WOOL growers took advantage of the early December spot market rally by offering exporters some New Year certainty on the forward market this week.
This led to the January and February 19 micron trading of 50 tonnes at 1420/1430c/kg.
The spot auction closed under pressure this week, with the volatility that has dogged the market all year continuing to have an impact. The market gave back the gains of last week as the perceived pressure of 50,000 bales on offer, the logistic limitations of the Christmas break and the stronger Australian dollar weighed down prices.
Exporters were happy to manage some margin 20 cents under last week’s cash levels, even with the index closing for the year at 1391 cents, down 57 cents. Security of price going into the early auctions of 2021 is considered as important.

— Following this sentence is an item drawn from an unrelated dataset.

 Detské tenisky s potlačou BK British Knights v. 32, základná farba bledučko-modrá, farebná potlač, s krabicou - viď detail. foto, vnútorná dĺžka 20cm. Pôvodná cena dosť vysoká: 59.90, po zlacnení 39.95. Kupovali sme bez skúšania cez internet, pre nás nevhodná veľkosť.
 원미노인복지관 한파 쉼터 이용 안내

We closed a year like no other with the key 21-micron indicator having moved over 30 cents on 41 of the 94 sale days for the year (44 percent). As the graph below indicates, the last three years have been the most volatile of the last 25 years, as the long-term upward cycle completed and the pandemic and subsequent demand shock extenuated the down trend.

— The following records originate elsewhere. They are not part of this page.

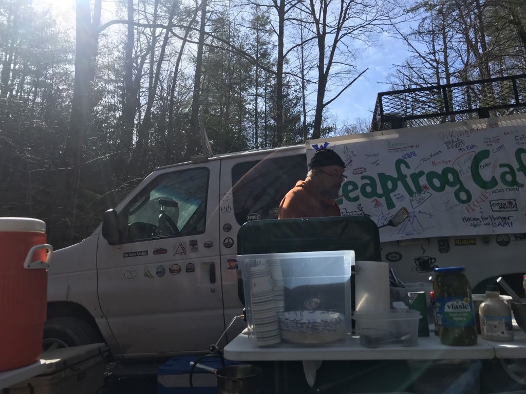 Another thing that sticks out is meeting a man by the name of “fresh ground” He is a trail angel who has dedicated their live’s to feeding thru-hikers. He drives his van along the trail year round and cooks for unexpected hikers as they emerge from the woods. As we exited the Smokies on our last day of the 72 mile trek, he was on the other side with his van/cooking set up and he made us the best breakfast a hunger hiker could dream of.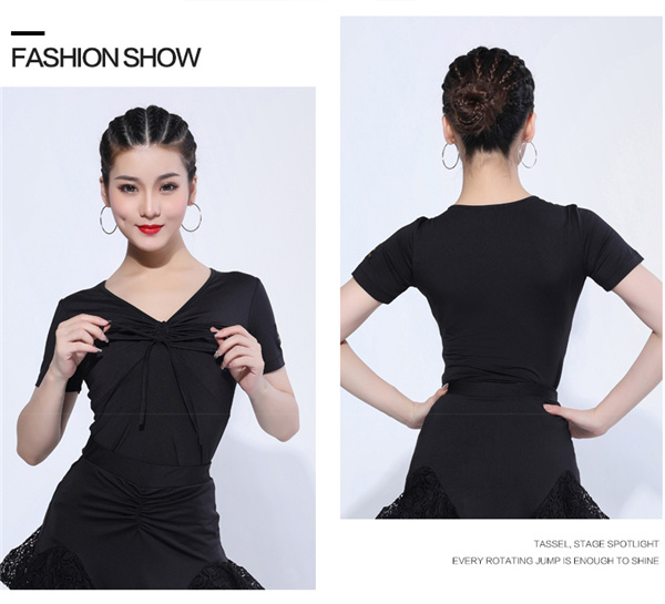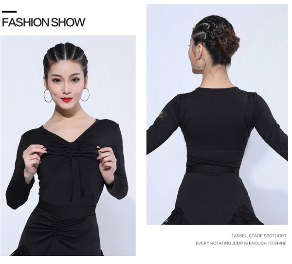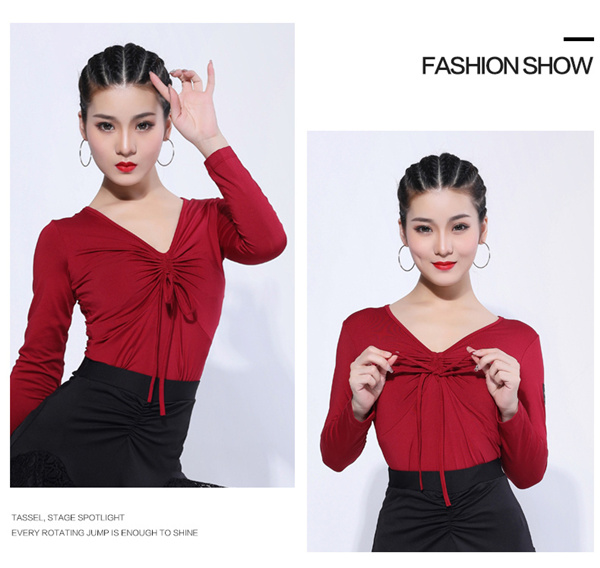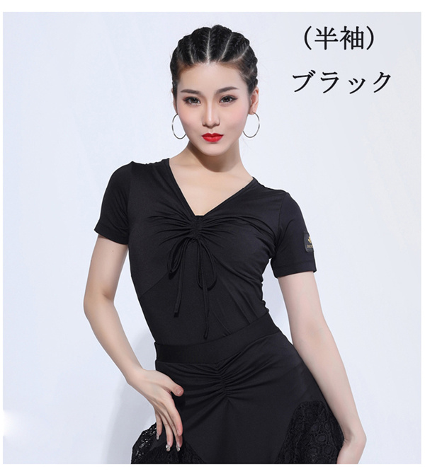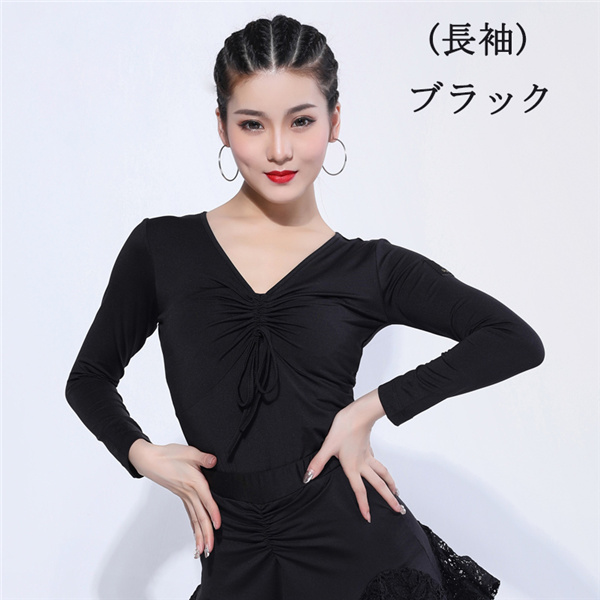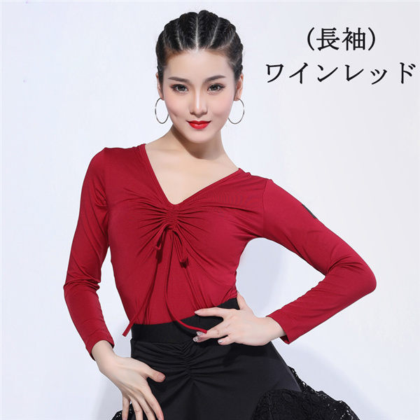 【レビュー投稿で+5%還元】社交ダンス トップス ダンスウェア 半袖 袖あり 長袖 ブラック 赤 黒 Vネック リボン レディース 社交ダンス衣装 上着 競技着 レッスン 練習着 ラテンダンス モダンダンス 上着 ラテン ステージ 衣装 演出着 ダンストップス M/L/XL/2XL/3XL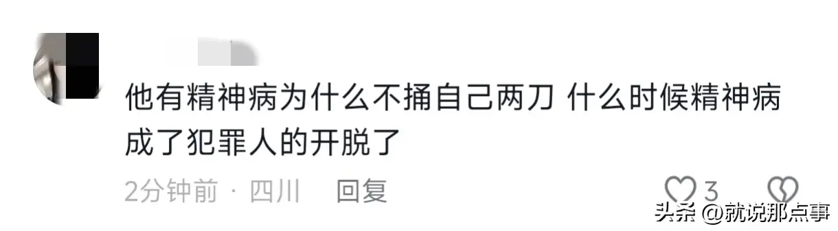 网友说:“ 他有精神病为什么不捅自己两刀 什么时候精神病成了犯罪人的开脱了!”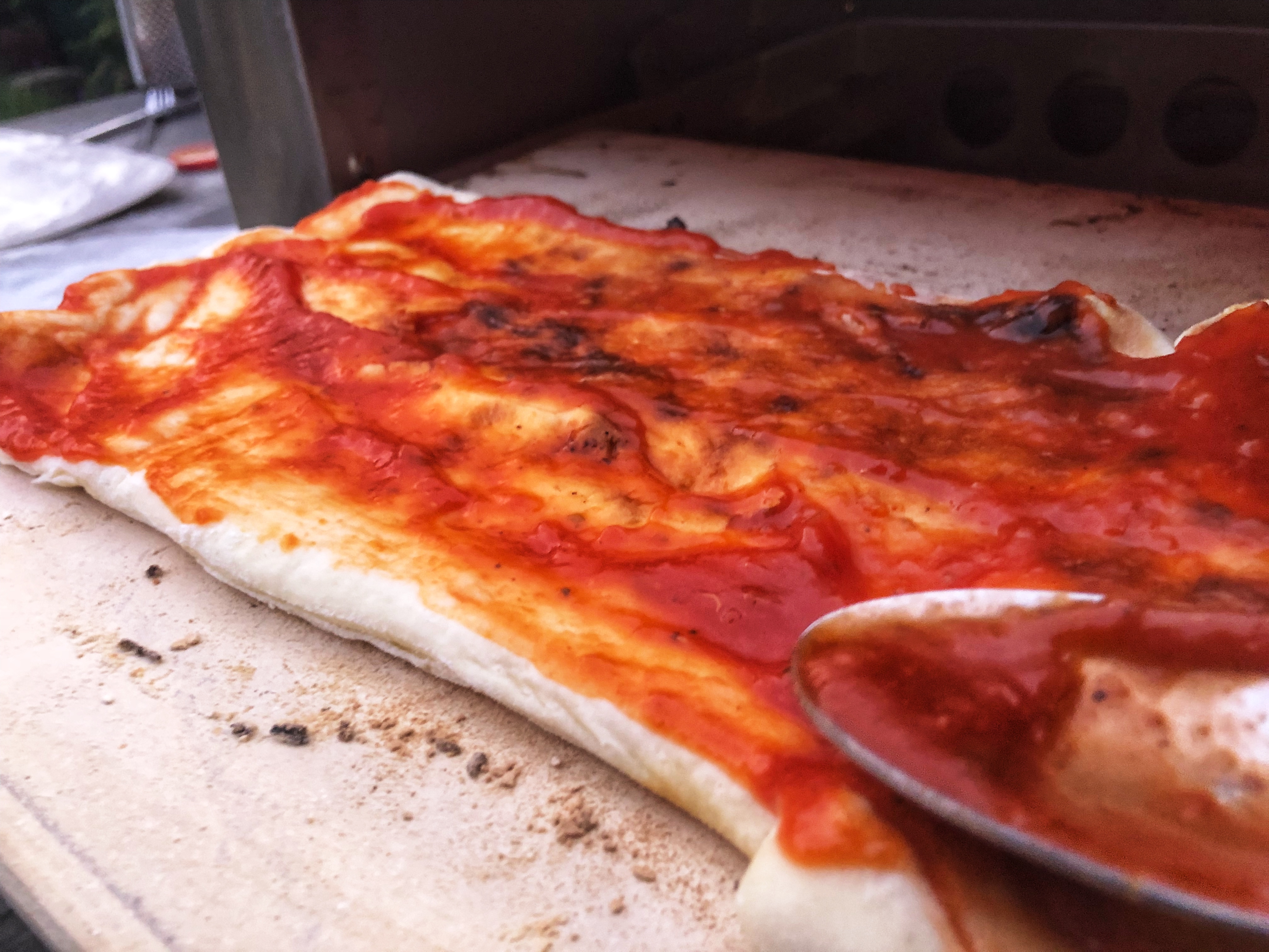 Die letzten Male ist mir doch irgendwie die Tomatensauce angebrannt... also habe ich diesmal erst den Teig für 2-3 minuten gebacken. Und dann erst die Sauce drauf gestrichen :-)

Trying to predict the direction of the market post-Christmas is fraught with danger. Historically, the January market is dearer. Nine of the last ten years have been firm or dearer. This year with a return to auctions on the 12th of January and an early Lunar New Year, coupled by third wave lockdowns, we may have to show patience before we see a demand driven revival.

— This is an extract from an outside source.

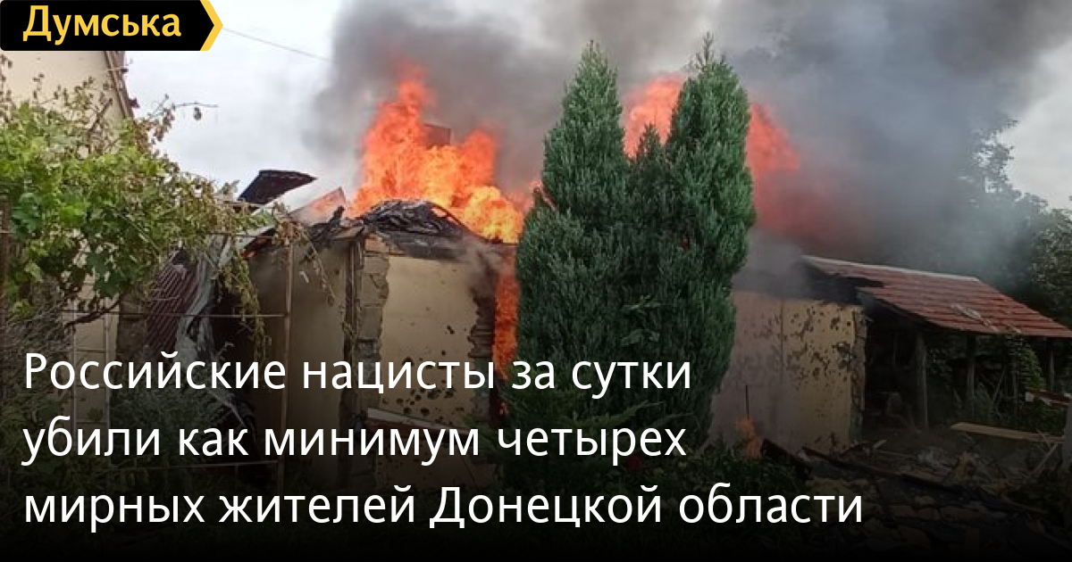 Российские нацисты за сутки убили как минимум четырех мирных жителей Донецкой областиРоссийские оккупанты за минувшие сутки убили как минимум четырех мирных украинцев в Донецкой области. Как сообщил глава Донецкой ОВА Павел Кириленко, погибли жители Новониколаевки, Орловки, Красногоровки, Славянска. Также в Доброполье погибли два человека, еще трое получили ранения, среди них двое детей. В результате вражеской атаки в городе уничтожен один дом, еще шесть повреждены. «Россияне точно знают, что бьют по гражданским – и делают это осознанно и целенаправленно. Эти безнравственные чудовища никогда не соблюдали законы и обычаи ведения войны и никогда не будут», – добавил Кириленко. В настоящее время невозможно установить точное количество жертв в Мариуполе и Волновахе. СМЕРТЬ РОССИЙСКИМ ОККУПАНТАМ! Заметили ошибку? Выделяйте слова с ошибкой и нажимайте control-enter |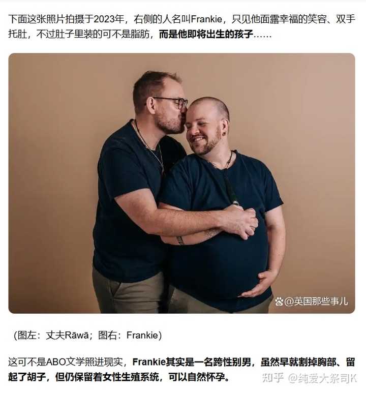 | 欧米那边对于领取育儿补贴的人的形容已经不是“妈妈”了,而是“怀孕的人” 其实就是因为有些女的“变性”成男人,但又保留了自己的生育能力…… 不过面相嘛……这人要不说的话,确实看不出ta曾经的性别 |

In the meantime, we wish all a happy, holy and safe Christmas and New Year.
Indicative trading levels next week
19 micron 21 micron
January 1370 cents 1170 cents
February 1370 cents 1170 cents
March/April 1350 cents 1150 cents
May/June 1350 cents 1130 cents
This week’s trades
January 19 micron 1420/1430 cents 50 tonnes
February 19 micron 1385 cents 4 tonnes
May 19 micron 1420/1430 cents 7 tonnes
TOTAL 61 tonnes
Source – Southern Aurora Markets.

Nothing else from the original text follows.